Walk the hike and bike a mile west from the convention center and you’ll arrive at our civic cathedral, The Austin Public Library. Take in the view on the roof and check out the Recycled Reads gift shop downstairs for souvenirs. If you’re tired, you can get queso and chips at Torchy’s, a smoothie at the JuiceLand, or a picnic at the Trader Joe’s nearby. If you have a bit more energy, you can either walk south on the pedestrian bridge across the river and hit Terry Black’s BBQ, or you can head north on what I call the Shoal Creek Book Walk and get to the corner of 6th and Lamar, where you can shop at the flagship Whole Foods, buy my books signed at Bookpeople, and possibly catch a free day show at Waterloo Records.
Another nice walk from the convention center is north along the Waller Creek Greenbelt and up to the brand-new Waterloo Greenway. Go a bit further north and you can hit Scholz Garden, where our best radio station, KUTX 98.9, is throwing a series of morning shows open to the public. A few blocks north of that and you can take in the Blanton Museum’s wonderful show of Anni Albers’ thread and paper work. A few blocks west is The Harry Ransom Center, the gem of The University of Texas. If you aren’t dead of heatstroke by then, you can walk back downtown through the Texas Capitol grounds (take a selfie with The Ten Commandments!) and down Congress Avenue.
Radio: We have great stations here. In addition to KUTX 98.9 FM, there’s classical KMFA 89.5 FM and our community KOOP 91.7 FM. I’d add those as favorites to the Radio Garden app before I came down. (You can stream all those stations online, of course. Just this week I discovered The Joystick Jukebox: a one-hour show of video game music I’ve started listening to with my kids.)
Film: I saw Don Hertzfeld’s new short film last night with Mike Judge in attendance, and I’m looking forward to Richard Linklater’s episode of God Save Texas. There are a lot of movies I wouldn’t mind seeing at SXSW, but two in particular caught my eye: Faders Up: The John Aielli Experience and the new flick by the Ross Brothers, Gasoline Rainbow. (It was fifteen years ago at SXSW 2009 that I drew their breakout documentary, 45365. They wound up using the drawing as the poster, of which the late great Roger Ebert said, “Now this is a great movie poster.”)

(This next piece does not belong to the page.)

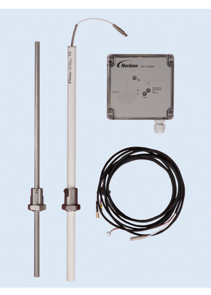
Level detection kit for non-conductive containers (e.g. plastic) contains additional counter electrode

For more information, speak with your Nordson representative or contact your Nordson regional office.
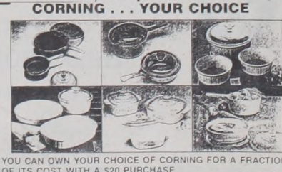
YOU CAN OWN YOUR CHOICE OF CORNING FOR A FRACTION OF ITS COST WITH A $20 PURCHASE

Finally, to make up for our lost Flaco and the owls that have disappeared in my backyard: Athena, the resident great horned owl at the Ladybird Johnson Wildflower Center south of town, now has her own 24/7 Cornell Nest Cam. She’s sitting on two eggs right now, so tune in!

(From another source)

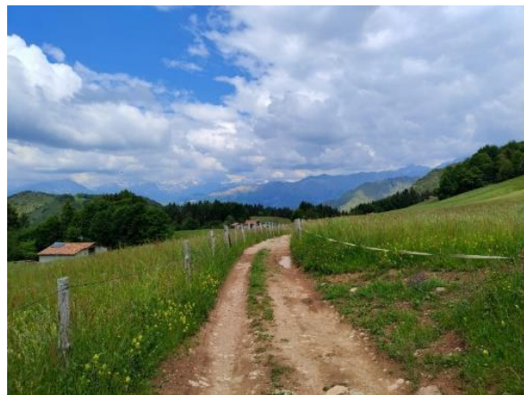
We resume our walk following the dirt track that passes between the huts and the agriturismo.

Thanks for reading. This newsletter is a hand-rolled, algorithm-free, completely reader-supported publication. If you’d like to support my work, buy my books, hire me to speak, or become a paid subscriber:
xoxo,
Austin
P.S. “This book changed my life.” That’s Ali Abdaal on how Show Your Work! became the guiding philosophy of his YouTube channel with over 5 million subscribers. (Ali has his own bestselling book out now: Feel Good Productivity: How To Do More of What Matters to You.)
The Joystick Jukebox sounds great! I listen to Sounds of Gaming (there’s also Sounds of Cinema) on BBC Radio 3 which is also great and I recommend! It’s on the schedule Saturday and Sunday afternoon - you can listen on BBC Sounds
I’ve read all of your books @austin Kleon Though at times I’ve taken hiatuses from social media, I’m back to “showing my work.” I’ve been posting my drawings and very short videos on IG, Substack and on YouTube ( though not consistently on YouTube). I try not to get caught up in how many are following, or watching, or anything. I just do me. I just do my work and feel good about that.